The defeat of the minimum wage also follows an October 2020 report from the Government Accountability Office finding that low-wage workers in Dunkin ‘Donuts, Arby’s and Sonic were among those who depend most heavily on food stamps in states where these franchises operate. In 2019, some Sonic workers quit their job in Ohio to protest low wages.

While paying many of its employees less than $ 15, Inspire Brands franchises are generating $ 26 billion in annual revenue and enriching top executives. Jimmy John’s founder – who has been accused of breaking workers’ union initiatives – recently boasted on his website that he was named one of the richest men on the planet.
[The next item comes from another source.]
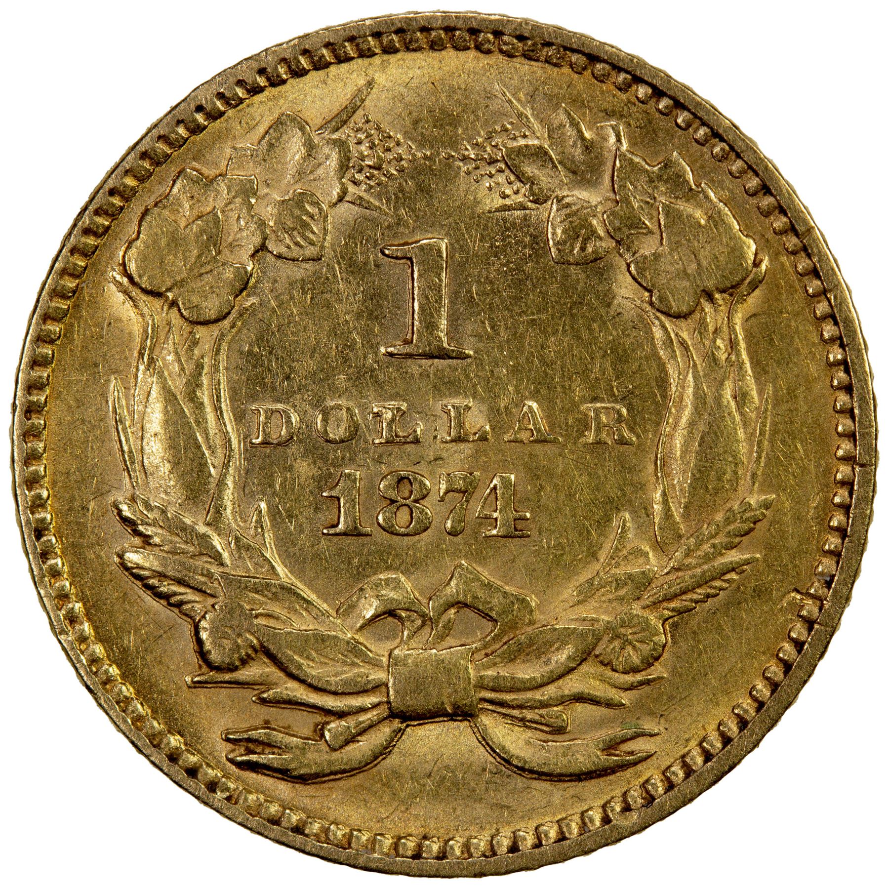 UNITED STATES: AV dollar, 1874, KM-86, Type III Indian Head, light hairlines, EF.

In the year before Inspire’s acquisition of the company, Dunkin’s CEO ‘Brands’ received millions and earned millions more when the deal was closed.

In government documents that year, Dunkin ‘Brands warned investors about the prospect of low-income workers receiving better wages.

“A significant number of our franchisees’ food service employees are paid at rates related to the US federal minimum wage and minimum wages applicable in foreign jurisdictions and previous increases in the US federal minimum wage and the minimum wage in foreign jurisdiction have increased labor costs, such as future increases, “wrote the company. “Any increases in labor costs can result in franchisees improperly hiring restaurants. Understaffed restaurants can reduce sales at such restaurants, decrease royalty payments and adversely affect our brands.”

The company also boasted that “none of our employees are represented by a union and we believe that our relations with our employees are healthy”.

“Our name means our admiration for the qualities personified by Howard Roark”

Inspire Brands is mostly controlled by Roark Capital – a $ 23 billion private equity giant named after the self-centered protagonist of Ayn Rand’s novel The Fountainhead, which is considered a fundamental conservative text for the defense of billionaires and economic inequality.

“Our name means our admiration for the qualities embodied by Howard Roark,” says the company on its website. “We are committed to being a good partner in good times and an even better partner in bad times.”

Donors from companies linked to Roark delivered more than $ 800,000 in campaign contributions in the 2020 electoral cycle, mainly to Republicans, according to data compiled by OpenSecrets.

Several state and local retirement systems invested the retirement savings of civil servants in the Roark funds involved in the acquisition of Dunkin ‘Brands by Inspire Brands last year, including the Oregon State Treasury, the Maryland State Pension and Retirement System and the City of Los Angeles Employees’ Retirement System.

In his filings with the Securities and Exchange Commission, Roark warned investors that “portfolio companies of the type targeted” by the company may be “adversely affected by changes in government policies”, including the minimum wage.

Dunkin's Donuts
NEW YORK, NEW YORK – OCTOBER 26: A Dunkin ‘store sign is seen on October 26, 2020 in New York City.